- _Activity_
Restate word for word the section of the entries that opens at the line containing "Eine Tasse mit" and closes at the line containing "Il s'agit d'un", both lines kept, pictures dropped.

- _Entries shown_
* * *

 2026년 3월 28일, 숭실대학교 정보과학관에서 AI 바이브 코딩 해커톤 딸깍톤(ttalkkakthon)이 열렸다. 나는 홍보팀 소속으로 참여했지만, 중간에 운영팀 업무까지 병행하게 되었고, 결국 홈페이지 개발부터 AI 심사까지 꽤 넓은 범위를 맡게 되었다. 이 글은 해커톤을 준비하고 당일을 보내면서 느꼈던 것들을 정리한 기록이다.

* * *

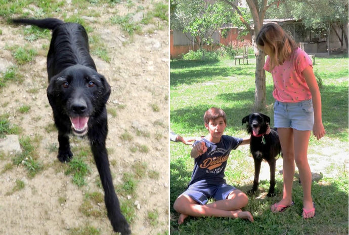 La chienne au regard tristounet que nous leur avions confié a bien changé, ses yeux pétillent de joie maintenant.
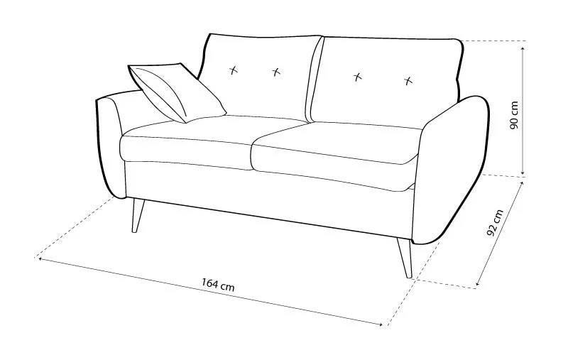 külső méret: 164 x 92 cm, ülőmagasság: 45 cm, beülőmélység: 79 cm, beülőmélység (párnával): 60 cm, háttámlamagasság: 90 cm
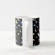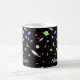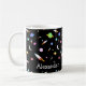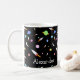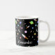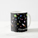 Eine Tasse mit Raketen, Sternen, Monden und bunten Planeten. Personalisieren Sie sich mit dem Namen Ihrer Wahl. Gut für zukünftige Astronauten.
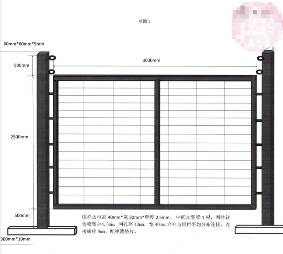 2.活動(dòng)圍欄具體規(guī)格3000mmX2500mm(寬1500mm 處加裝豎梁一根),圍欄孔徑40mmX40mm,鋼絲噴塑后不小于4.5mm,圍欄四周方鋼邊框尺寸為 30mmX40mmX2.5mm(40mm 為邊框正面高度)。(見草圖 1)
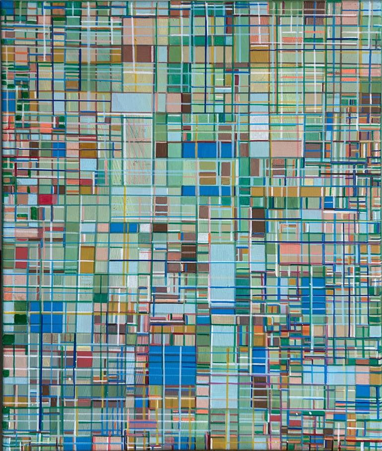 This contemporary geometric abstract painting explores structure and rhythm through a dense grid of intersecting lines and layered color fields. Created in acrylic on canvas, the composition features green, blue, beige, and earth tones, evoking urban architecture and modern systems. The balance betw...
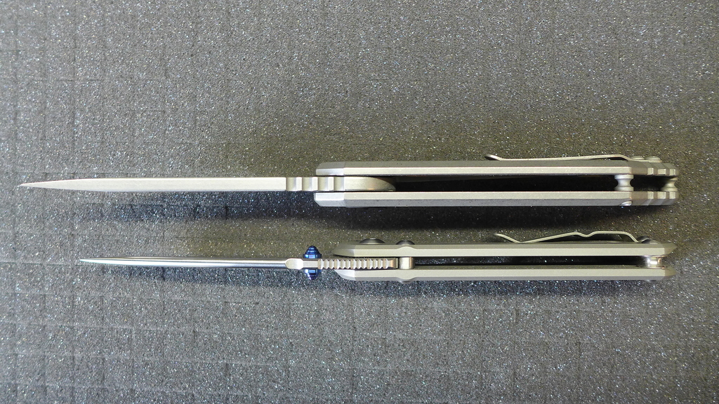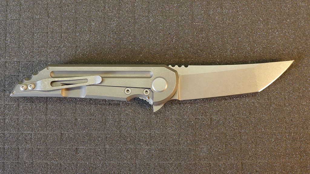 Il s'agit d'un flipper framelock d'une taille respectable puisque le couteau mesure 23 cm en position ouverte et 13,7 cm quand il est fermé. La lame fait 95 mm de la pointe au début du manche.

* * *

- _Worked solution_
 Eine Tasse mit Raketen, Sternen, Monden und bunten Planeten. Personalisieren Sie sich mit dem Namen Ihrer Wahl. Gut für zukünftige Astronauten.
 2.活動(dòng)圍欄具體規(guī)格3000mmX2500mm(寬1500mm 處加裝豎梁一根),圍欄孔徑40mmX40mm,鋼絲噴塑后不小于4.5mm,圍欄四周方鋼邊框尺寸為 30mmX40mmX2.5mm(40mm 為邊框正面高度)。(見草圖 1)
 This contemporary geometric abstract painting explores structure and rhythm through a dense grid of intersecting lines and layered color fields. Created in acrylic on canvas, the composition features green, blue, beige, and earth tones, evoking urban architecture and modern systems. The balance betw...
 Il s'agit d'un flipper framelock d'une taille respectable puisque le couteau mesure 23 cm en position ouverte et 13,7 cm quand il est fermé. La lame fait 95 mm de la pointe au début du manche.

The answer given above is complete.